To carry out the Neurodegeneration Initiative, Glaucoma Research Foundation has selected four talented investigators, from prestigious institutions and diverse disciplines, who will collaborate for an initial period of three years. A team of scientific advisors will coach the group and assess progress. The four consortium members are:

  • Sandro Da Mesquita, PhD, an assistant professor, Department of Neuroscience Meningeal Lymphatics and Neurological Disorders Lab, Mayo Clinic, who brings expertise is in the field of brain vascular biology which has implications for Alzheimer’s and other neurodegenerative diseases.
  • Milica Margeta, MD, PhD, a physician and surgeon, Massachusetts Eye and Ear, and an assistant professor of Ophthalmology Harvard Medical School, who is a glaucoma clinician and surgeon and a leader in the biology of microglia (unique cells of the brain and spinal cord) and in neuroinflammation.
  • Karthik Shekhar, PhD, assistant professor, Department of Chemical and Biomolecular Engineering Faculty Scientist, Lawrence Berkeley Laboratory, member, Helen Wills Neuroscience Institute at University of California Berkeley, who is a leader in computational biology, Dr.

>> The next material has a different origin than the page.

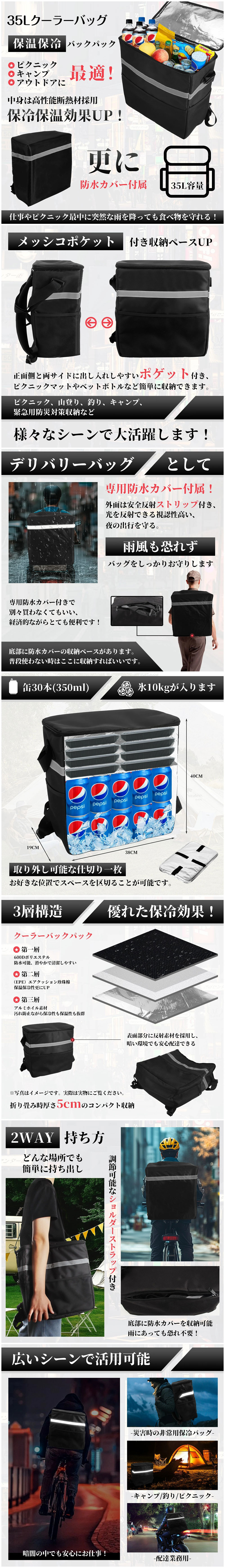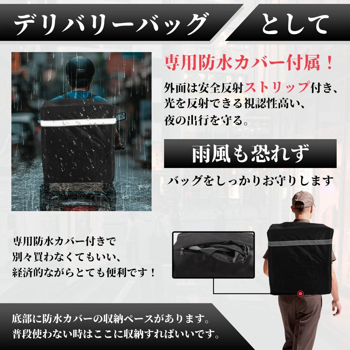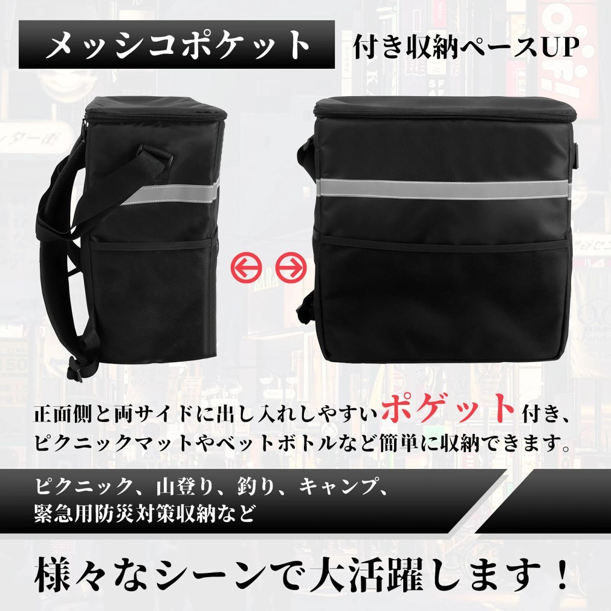 該当保冷バックパックはアウトドア、ピクニック、キャンプ、通勤、業務用(食品配送)など、幅広い用途で活用可能。デリバリーバッグとして使用時、外面は安全反射ストリップ付きので、光を反射できる視認性高い、夜の出行を守られます。

Shekhar has played a key role in collaborations that span neuroscience, immunology, single cell genomics, genetics, and machine learning, with a focus on visual systems.
  • Humsa Venkatesh, PhD, an assistant professor, Program in Neuroscience at Brigham and Women’s Hospital, Harvard Medical School, whose discoveries have shaped the emerging field of cancer neuroscience, illuminating the nervous system’s role in disease progression.

Team members met for the first time in July 2022 and will start their work together by identifying promising avenues of investigation. Aging, injury, inflammation, genetics — these factors and more may play a role in neurodegeneration and could indicate potential targets for unprecedented treatments and cures.

“The Neurodegeneration Initiative is one of the most exciting projects I’ve been involved with,” Adriana Di Polo, PhD, a professor of Neuroscience at the University of Montreal, who is an award-winning neuroscientist, glaucoma pioneer, and Chairs the Scientific Advisory Board for the new consortium, said in a news release. “It’s a groundbreaking step forward — not just tackling glaucoma but seeking cures for all neurodegenerative diseases.”

With the launch of the Neurodegeneration Initiative, Glaucoma Research Foundation is funding two simultaneous Catalyst for a Cure consortia, each with the potential to change the lives of people with glaucoma. Ongoing since 2019, the Steven and Michele Kirsch Catalyst for a Cure Vision Restoration Initiative has made enormous strides that could soon result in the ability to protect, preserve, and even regenerate retinal ganglion cells — key elements of the optic nerve that degenerate and die over time with glaucoma, causing blindness.

Glaucoma is the world’s leading cause of irreversible blindness. Currently there is no cure, and everyone is at risk for developing this blinding disease. It is estimated that by 2040, 111 million people worldwide will have glaucoma.

A neurodegenerative condition like glaucoma, Alzheimer’s is a progressive, terminal brain disorder, responsible for up to 70 percent of cases of dementia. Treatment options are extremely limited and there is no cure.